• _Exercise_
Produce a word-for-word copy of the line that contains "Winston the pufferfish" and each line after it through the end of the material, omitting pictures and all other lines.

*** Block opens ***

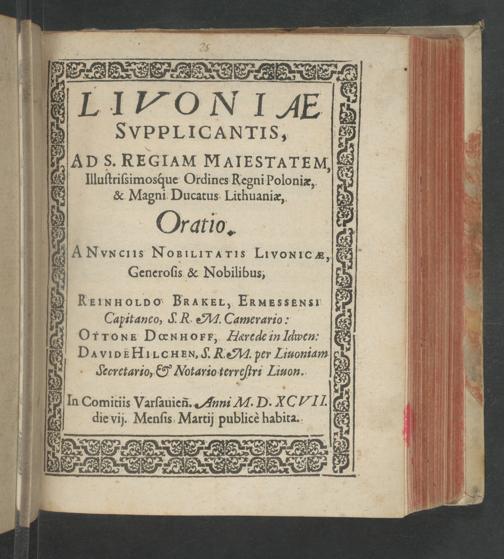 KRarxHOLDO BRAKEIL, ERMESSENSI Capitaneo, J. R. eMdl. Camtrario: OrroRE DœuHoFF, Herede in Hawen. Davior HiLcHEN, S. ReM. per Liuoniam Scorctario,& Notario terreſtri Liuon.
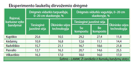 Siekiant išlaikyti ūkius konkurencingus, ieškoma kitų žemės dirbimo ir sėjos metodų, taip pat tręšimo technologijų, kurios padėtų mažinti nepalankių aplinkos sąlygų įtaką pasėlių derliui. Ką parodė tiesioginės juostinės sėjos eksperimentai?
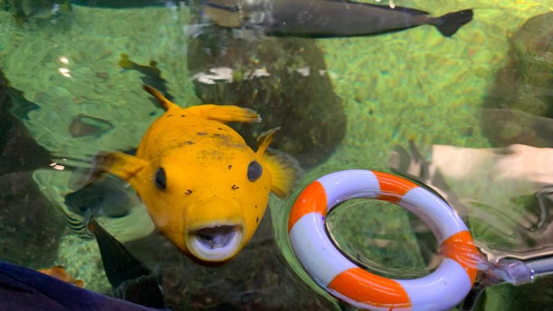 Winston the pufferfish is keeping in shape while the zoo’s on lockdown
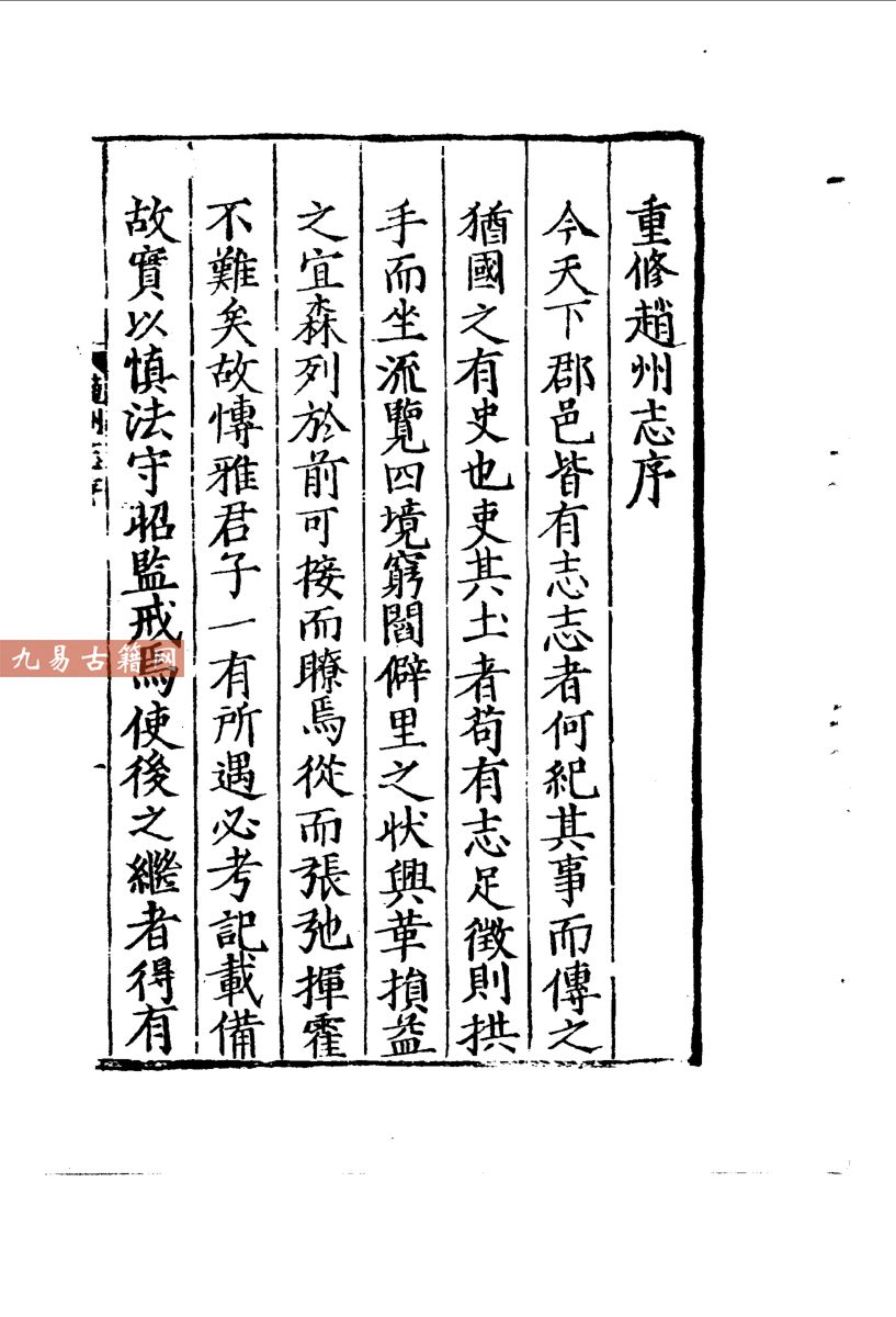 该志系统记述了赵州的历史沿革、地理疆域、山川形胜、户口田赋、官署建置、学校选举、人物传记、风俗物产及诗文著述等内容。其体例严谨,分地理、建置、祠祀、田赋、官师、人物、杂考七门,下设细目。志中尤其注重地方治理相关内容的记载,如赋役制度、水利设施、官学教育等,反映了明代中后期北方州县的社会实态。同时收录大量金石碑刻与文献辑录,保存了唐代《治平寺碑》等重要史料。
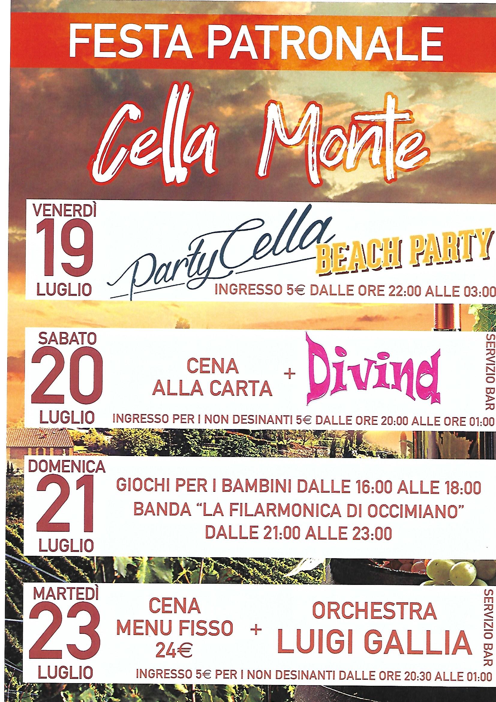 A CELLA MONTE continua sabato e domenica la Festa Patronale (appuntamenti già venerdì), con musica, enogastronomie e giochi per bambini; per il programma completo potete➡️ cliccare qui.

*** Block closes ***

• _Task response_
 Winston the pufferfish is keeping in shape while the zoo’s on lockdown
 该志系统记述了赵州的历史沿革、地理疆域、山川形胜、户口田赋、官署建置、学校选举、人物传记、风俗物产及诗文著述等内容。其体例严谨,分地理、建置、祠祀、田赋、官师、人物、杂考七门,下设细目。志中尤其注重地方治理相关内容的记载,如赋役制度、水利设施、官学教育等,反映了明代中后期北方州县的社会实态。同时收录大量金石碑刻与文献辑录,保存了唐代《治平寺碑》等重要史料。
 A CELLA MONTE continua sabato e domenica la Festa Patronale (appuntamenti già venerdì), con musica, enogastronomie e giochi per bambini; per il programma completo potete➡️ cliccare qui.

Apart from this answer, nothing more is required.